この手記から、歴史全般を考えるようになりました。

歴史は、「文献」をもとにした「歴史学」と、文献のない時代の「モノ」をもとにした「考古学」に分かれていたんですね。

特にこの福岡からは、モノが語ってくれる「古代」に入りました。

そしてそれは、「海」にヒントがありました。

            上


歴史とは、何だろうか。
中でも特に、古代とは何か。

私にとって古代は、竪穴式住居に獣の皮を身にまとい、今日1日の食料を確保するために狩猟採集しながら、日々同じ生活を繰り返している古代人の姿が思い浮かんでいた。
どちらかというと、個人や家族・親族レベルの共同体の「生存」を中心に考え、安定志向でより定着的な生活を求め、消極的な「固定」をイメージしていた。

しかし、ここ数年を通して出会った書籍を始め、韓国ソウルの博物館や金海国立博物館と、福岡の宗像大社や北海道博物館などによって、古代に対する私の認識が一気に変わってしまった。

なんと古代には、不完全を認め、不完全であるがゆえに積極的な出会いを求め、出会いを通して活発な交流を起こし、その出会いと交流によってお互いの不完全を補い合うという、生きて呼吸する共同体の姿があった。


またその中の一人一人の構成員においても、出会いの喜びと出会いの価値を知って、細胞の隅々までワクワクするような、変化に満ちた「動き」そのものの古代人の姿があったのだ。

韓国金海市の洛東江河口から対馬方面を眺めながら、又は宗像市の大島から沖ノ島方面を眺めながら、この道なき道である大海原をどれだけ多くの古代人が行き来しただろうかと考えた時、固定的な古代のイメージが躍動感あふれる動きのイメージに大反転したのだ。


そこには謙虚な「美しさを伴う不完全さ」があり、そんな不完全と不完全がお互い出会いと交流の感動を求めて、命がけで海を渡って行った生き生きとした古代人の姿があった。


そして気が付いてみればあまりにも当然なことだが、半島から島へ、又は島から半島へ活発に移動し、出会い、交流したことによって、古代と呼ばれる時代の遺物たちは半島でも列島でも同じモノが発掘されていた。

結局、古代を展示している半島と列島の博物館では、土器などの遺物たちがほとんど同じモノだった。
そう、古代の半島と列島の関係は、お互い補い合いながら、積極的な交流による生命感あふれる感動の連続で溢れていたのだ!

このように、ごく当然なる事実に気付く前にも、この手の博物館には何度か訪れたことがあった。
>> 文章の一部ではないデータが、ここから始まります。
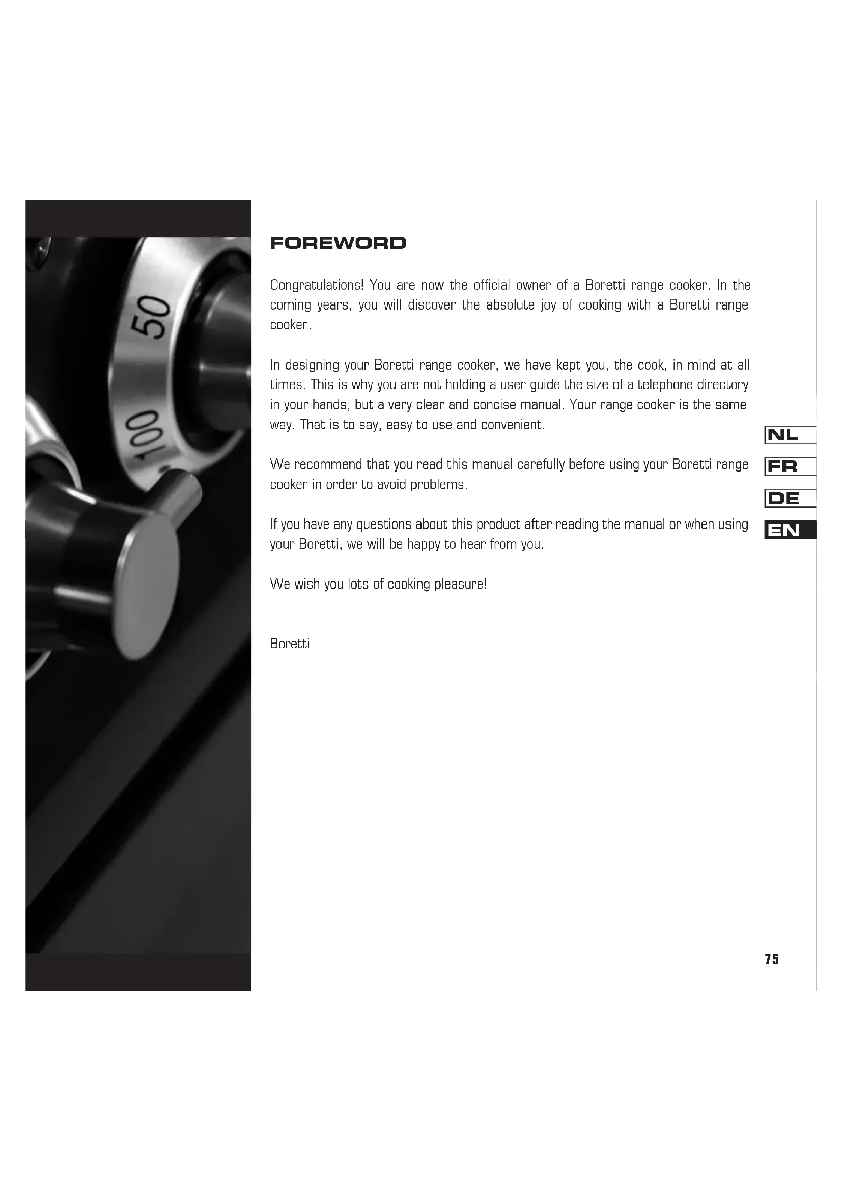 FOREWORD Congratulations! You are now the official owner of a Boretti range cooker. In the coming years, you will discover the absolute joy of cooking with a Boretti range cooker. In designing your Boretti range cooker, we have kept you, the cook, in mind at all times. This is why you are not holding a user guide the size of a telephone directory in your hands, but a very clear and concise manual. Your range cooker is the same way. That is to say, easy to use and convenient. We recommend that you read this manual carefully before using your Boretti range cooker in order to avoid problems. If you have any questions about this product after reading the manual or when using your Boretti, we will be happy to hear from you. We wish you lots of cooking pleasure! Boretti76 Contents Foreword For the Installer 77 – General Installation Instructions – Electrical Connection – Gas Connection Before First Use 79 – Safety Instructions – Environmental Regulations – Cleaning Before First Use Operating the Programmable LCD Clock 81 – Setting the Correct Time – Manual Function – Adjusting the Audio Signal – The Timer – Pre–Programmed Baking Operating the Gas Oven Programmable LCD Clock 83 – Setting the Correct Time – Setting the Timer – Adjusting the Audio Signal Operating the Programmable Analog Clock 84 – Setting the Correct Time – Manual Function – Timer with Automatic Countdown – Pre–Programmed Baking Instructions for Oven Use 85 – Descriptions of the Various Oven Functions – Quick–Start Function – Grill (oven) – Using the Rotisserie – Casing Cooling – Dismantling the Oven Door – Dismantling the Oven Glass Panel – Removing the Inside Panels from the Oven – Cleaning the Oven Cavity(s) – Using the Built–In Thermometer – Pizza Pan Using a Ventilated gas Oven 89 – Igniting the Gas Oven – Gas Oven Grill – Gas Oven Fan The Cooktop 91 – General Information Gas Burners – Wok Burner – Fry Top – Cleaning the Fry Top – Coupe de Feu – Adjusting the Gas Burners – Cast Iron Grill Plate – Cleaning the Cooktop – Ceramic Cooktop – The induction cooker Technical Details 95 – Table for Built–In Thermometer – Troubleshooting – Installation Diagrams – Power and Values77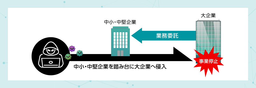 そのため、企業規模の大小に関係なく、大手企業などから業務委託を受けている中小・中堅企業は、十分に標的となり得ます。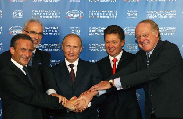 Na obrázku při uzavírání smlouvy o Southstream jsou hlavní představitelé společného podniku: Alexej Miller (Gazprom), Paolo Scaroni (ENI), Henri Proglio (EDF), Harald Schwager (BASF).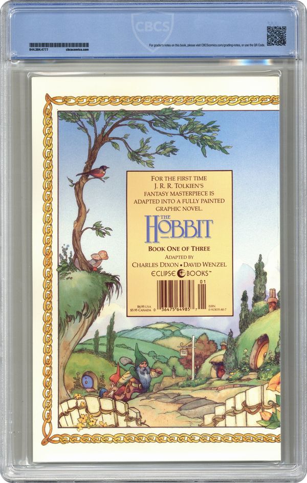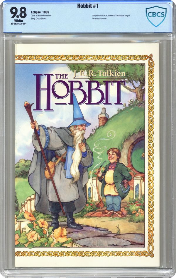 First printing. From the book by J.R.R. Tolkein. Adapted by Charles Dixon. Art and cover by David Wenzel. Part 1 of 3. All Bilbo Baggins wants is a quiet life on the Hill. But when the wizard Gandalf shows up with tales of treasure and the dragon Smaug, Bilbo decides there might be more to the world than his little corner. 48 pages. Full color. Cover price $4.95. Grade: CBCS 9.8 explanation of grade Condition: Used (collectible)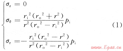 套管在井下情況的受力較為復雜,為了分析方便,主要考慮套管受內壓和外擠作用(即管內外壓差),而忽略軸向力和溫度對管柱應力的影響時,套管屬于中厚壁管(圖1)。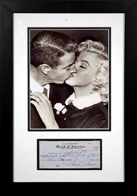 kissing Joe DiMaggio with a Monroe signed check underneath. The check is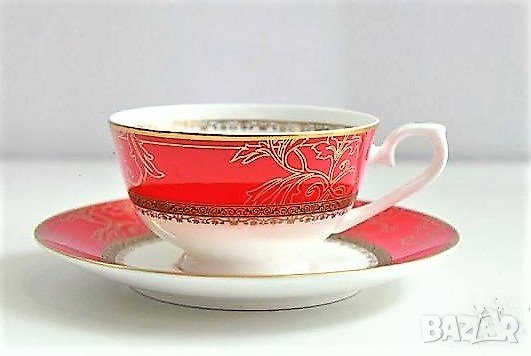 Подходящи чаши за ежедневна употреба или празничен подарък, за всички любители на червеният цвят и луксозния, качествен порцелан.

しかしその時は、遺物たちの横に「半島と列島は、活発に交流していた。」と、至る所に表記されていても「活発な交流」という言葉を拾うことができなかった。


いったい、それは、何故だろうか。

その一つには歴史の中でも、学校教育を通して学んだ古代に対する私の「固定的な認識」に、原因があった。
それまで私が持つ古代に対するイメージは、黒く錆びた鉄くずや赤茶の土器のように、なんとなく古臭くて分かりにくい、まったく退屈なものだった。
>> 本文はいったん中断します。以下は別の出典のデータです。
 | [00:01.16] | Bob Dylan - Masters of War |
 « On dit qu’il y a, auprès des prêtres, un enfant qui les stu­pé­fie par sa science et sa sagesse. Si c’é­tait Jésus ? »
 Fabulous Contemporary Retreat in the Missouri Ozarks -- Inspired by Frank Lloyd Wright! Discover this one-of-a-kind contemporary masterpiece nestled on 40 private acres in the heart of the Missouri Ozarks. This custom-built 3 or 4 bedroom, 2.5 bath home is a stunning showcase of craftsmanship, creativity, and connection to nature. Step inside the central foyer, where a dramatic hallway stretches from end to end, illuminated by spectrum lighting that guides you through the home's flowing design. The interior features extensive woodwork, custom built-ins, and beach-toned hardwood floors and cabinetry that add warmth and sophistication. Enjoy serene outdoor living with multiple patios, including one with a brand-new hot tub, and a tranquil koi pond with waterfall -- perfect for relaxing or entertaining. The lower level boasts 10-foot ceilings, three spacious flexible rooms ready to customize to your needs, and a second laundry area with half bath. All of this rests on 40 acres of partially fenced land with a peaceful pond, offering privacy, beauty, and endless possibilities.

それに比べて例えば戦国時代などは、個性ある主人公とその周囲の人達が共に繰り広げるストーリーと、その中に脈々と流れる躍動感に、惹かれてしまうのは当然なことだ。
このように古代までと古代以降では、同じ歴史であっても大きな違いがあった。


実はそれは、歴史が「考古学」と「歴史学」という分類によるらしい。

古代までを研究する「考古学」は、直接外に出て発掘調査などを通して「実物」から過去を読みとる現地・現物主義の学問であり、文字が成立してからの「歴史学」は、室内で資料などを中心に「記録」から過去を読みとる文献資料研究の学問だったのだ。


すなわち考古学は「モノ」が語り、歴史学は「人」が語る。
生命性のない「モノ」の発信力は、生命性のある「人」の発信力より劣ってしまう。
結局、人によって語られる中世・近世・近代・現代にくらべて、古代は当然、退屈で固定的なイメージになりやすかったのだ。
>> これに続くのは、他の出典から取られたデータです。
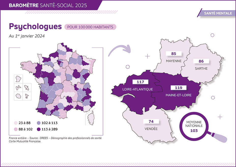96,2 psychologues pour 100 000 habitants en Pays de la Loire (103 en France)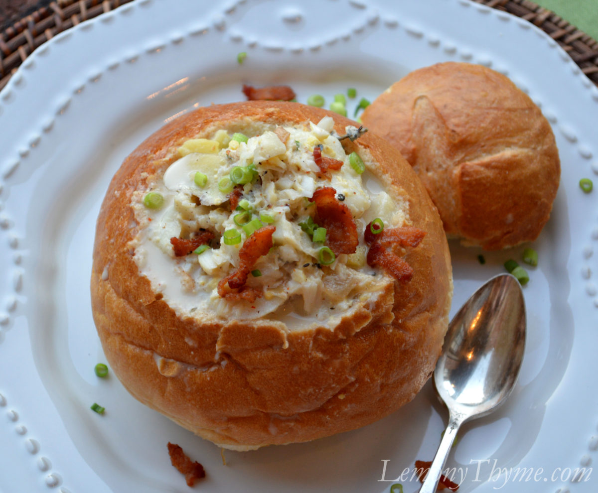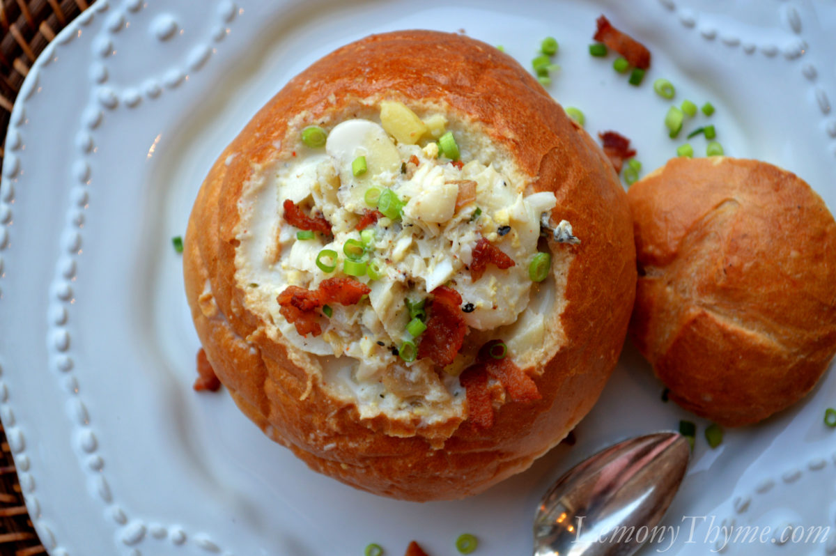 Fish Chowder served in Bread Bowls. <—- click here for Bread Bowl recipe.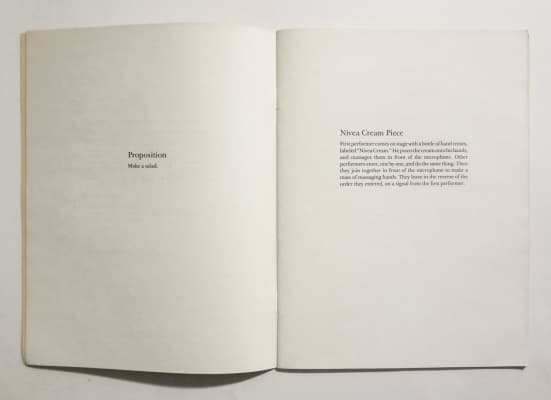 "Event Scores, involve simple actions, ideas, and objects from everyday life recontexualized as performance. Event Scores are texts that can be seen as proposal pieces or instructions for actions. The idea of the score suggests musicality. ...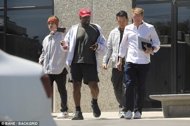 Kanye West put his love for Donald Trump on full display as he donned his MAGA hat while leaving his California studio not long after he traded adoring tweets with the president and blasted former president Barack Obama on Twitter.
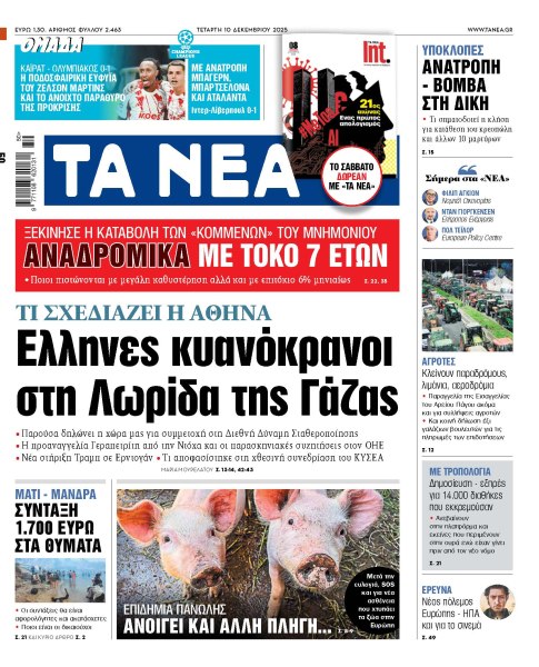- Στα «ΝΕΑ» της Τετάρτης: Ελληνες κυανόκρανοι στη Λωρίδα της Γάζας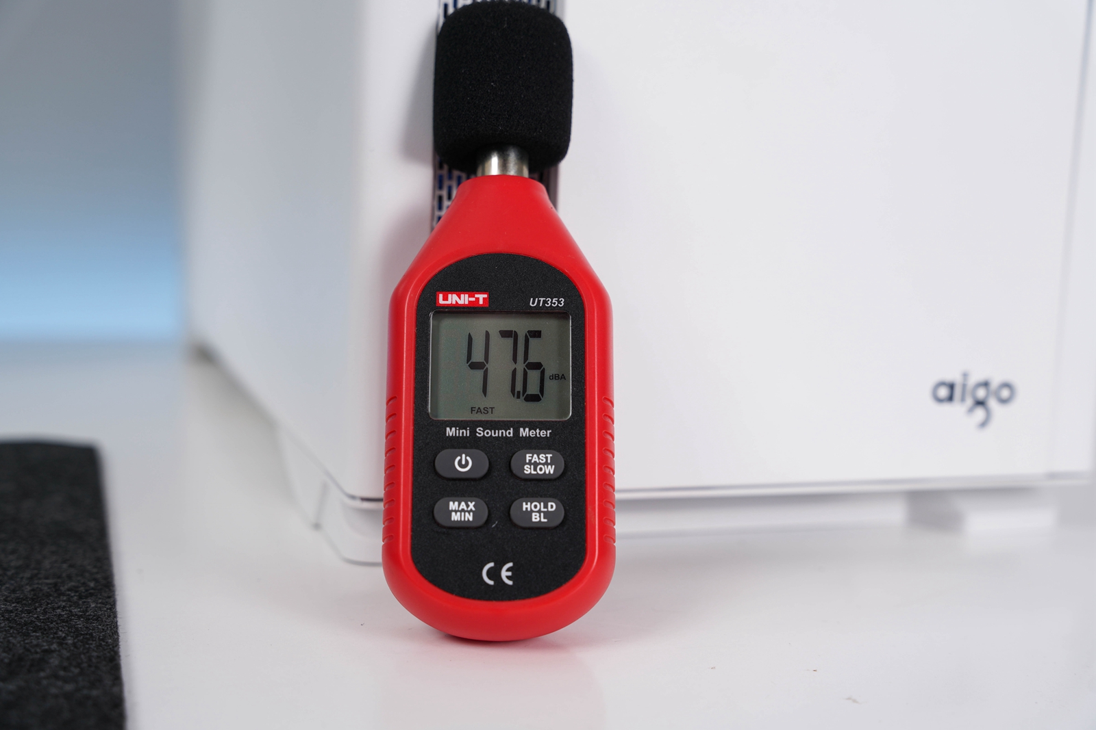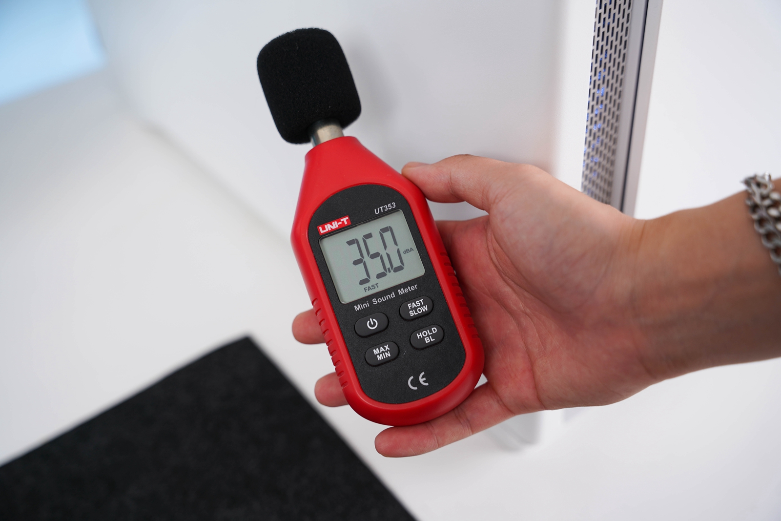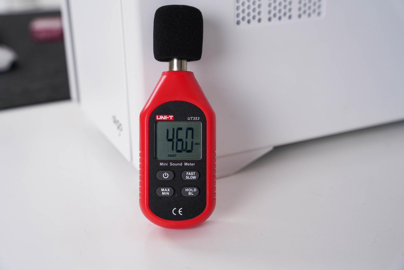 在满载负荷运行时,最接近使用者这面的左侧面板的环境噪音也只有仅仅的44.6db。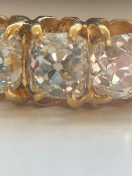 the slightly graduated cushion-shaped old brilliant-cut diamonds to the tapering shank, Birmingham hallmark 1879

しかし逆の観点で見た時、モノはモノなのでありのままを伝えてくれるが、人はどんなに客観的に表現しようとしても、その人の主観などが入りやすい。
「歴史学」は、当時の時代背景とその他「記録」を書き留めた人や、その記録を書くことを指示した主権などの主体的な意図などを含めることができる。もしもその「記録」に、主権の強い目的と方向性があれば「操作」することも可能なのだ。
このことについては、後ほど言及しよう。

とにかく最近の「考古学」は、科学技術の発展によりコンピューターシュミレーションなどで当時の原型を復元可能にしたり、放射性炭素年代測定法などによって、いつ頃のモノであるかなどがより正確にわかるようになってきた。
このようにここ数年を通して古代に、より生命感が吹き込まれ鮮明になることによって、今までの固定的イメージを躍動的なイメージとして捉えることが可能な時代圏になったといえよう。


またもう一つ、半島と島の「活発な交流」を認識できなかった理由は、近代以降規定され、今では常識的に使用されている単語である固有名詞にも原因があった。
それは、国境という境界線で規定された「韓国」「北朝鮮」と「日本」という単語と認識のもとでは、「半島」と「島」という単語の間でごく自然に存在していた「交流」というイメージを、見事に消していた。

これには、本当に驚いた。

「半島」と「島」という単語であれば、その二つの間に「交流」という言葉が存在可能だったのだが、半島である「韓国」と「北朝鮮」と島である「日本」に置き換えた時、「交流」という言葉のイメージが薄くなってしまった。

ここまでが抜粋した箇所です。